География же, напротив, или скорее Земля как пра-начало выявляет плотскую пра-историю. В действительности речь идет о том, чтобы схватить <…> то самое время, которое есть пространство, то же самое пространство, которое я собираюсь снова обнаружить с помощью анализа видимого и плоти, выступающее одновременным Urstiftung времени и пространства, благодаря которому имеется исторический ландшафт и квази-географическое вписывание истории.

Как замечает российский философ Валерий Подорога, Мерло-Понти опирается на Гуссерля и отвечает на его размышления идеей о том, что «плоть мира — это первоэлемент». Они оба воспринимают Землю как ту силу, которая делает «возможными виртуальные миры». Иными словами, для Мерло-Понти Земля — это невидимая сила, позволяющая быть всему видимому. Для Гуссерля Земля — это почва для первого опыта, который невозможен без Земли, представленной в самом широком смысле. Именно так можно резюмировать идеи двух феноменологов.

Как Жак Деррида изучал геометрию

Однако история Земли в феноменологии не закончилась на Гуссерле и Мерло-Понти. Еще одним философом, который обратился к этой теме, был Жак Деррида. Он написал масштабное введение (по сути, отдельный самостоятельный текст) к работе Гуссерля «Начало геометрии».

Задачей Гуссерля в этой работе, опубликованной уже после его смерти, была попытка ответить на вопрос о смысле геометрии. Геометрия для него — это традиция, дошедшая до наших дней в виде пространственных форм. В каждой из этих форм присутствует отсылка к предыдущей, своего рода «осадки»: еще одна форма — еще одна ссылка. Гуссерль наблюдает процесс, который в итоге приводит (отсылает) к перводостижению — именно в нем кроется исток геометрии, обладающий изначальным смыслом. Это жест первого геометра, который запустил процесс передачи пространственных форм. Из перспективы геофилософии можно сказать, что этот процесс был еще одной попыткой человека взять под свой контроль Землю — измерить ее и подсчитать.

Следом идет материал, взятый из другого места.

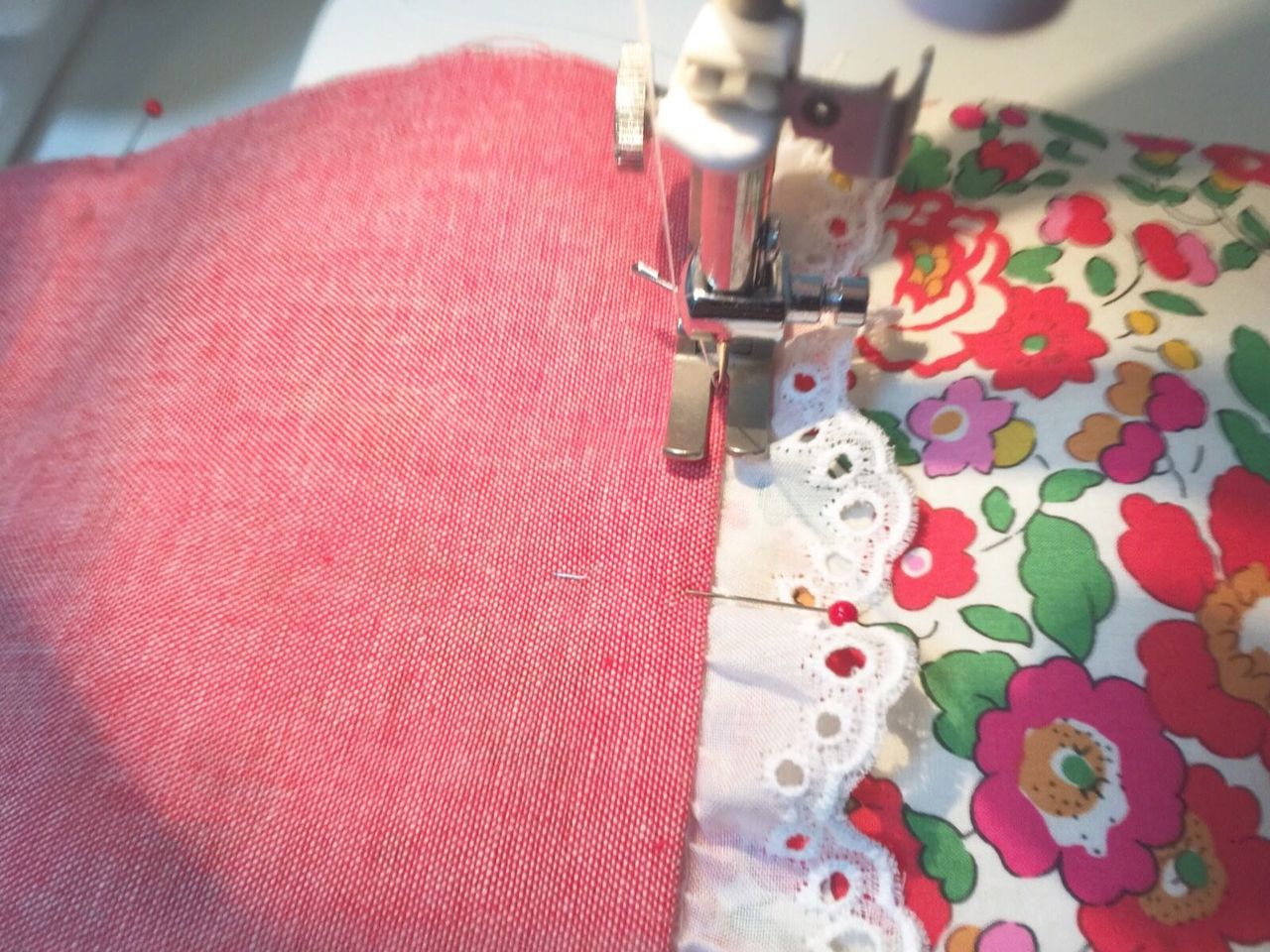レースの裏側が見えるように挟み込み、切り替え布の端2㎜くらいのところを縫います。

Об этом варианте «отношений власти» напишет французский социолог Бруно Латур, размышляя об изобретении геометрии в Древней Греции:

Именно Фалесу приписывают изобретение геометрии, когда он, не желая взбираться на пирамиду Хеопса, «просто» измерил тень крепко воткнутой в землю палки. Его теорема (сама суть властных объяснений) открыла возможность владеть всеми пирамидами (существующими, теми, которые будут построены, и теми, которые не будут построены никогда) посредством несложных вычислений. То, чем мы так восхищаемся в греческом чуде, — это переворот отношений власти: самые слабые, крошечные люди, у которых есть только тени и бумажные формы, становятся сильнее древних могучих египтян с их тяжелыми каменными пирамидами. Владеть формами равносильно тому, чтобы владеть всем остальным.

Деррида, отходя от Гуссерля, обращается уже к собственной философской проблематике. К слову, она появится и в его будущих и более известных работах — например, в работах «Письмо и различие», «О грамматологии», «Голос и феномен». Это обращение важно для исследований Земли, так как Деррида сосредотачивается на тексте и письме, сравнивая их с геологическими процессами. При этом он не воспринимает Землю исключительно с позиции человеческих и языковых отношений. Земля для Деррида — больше, чем дискурс, и больше, чем теория.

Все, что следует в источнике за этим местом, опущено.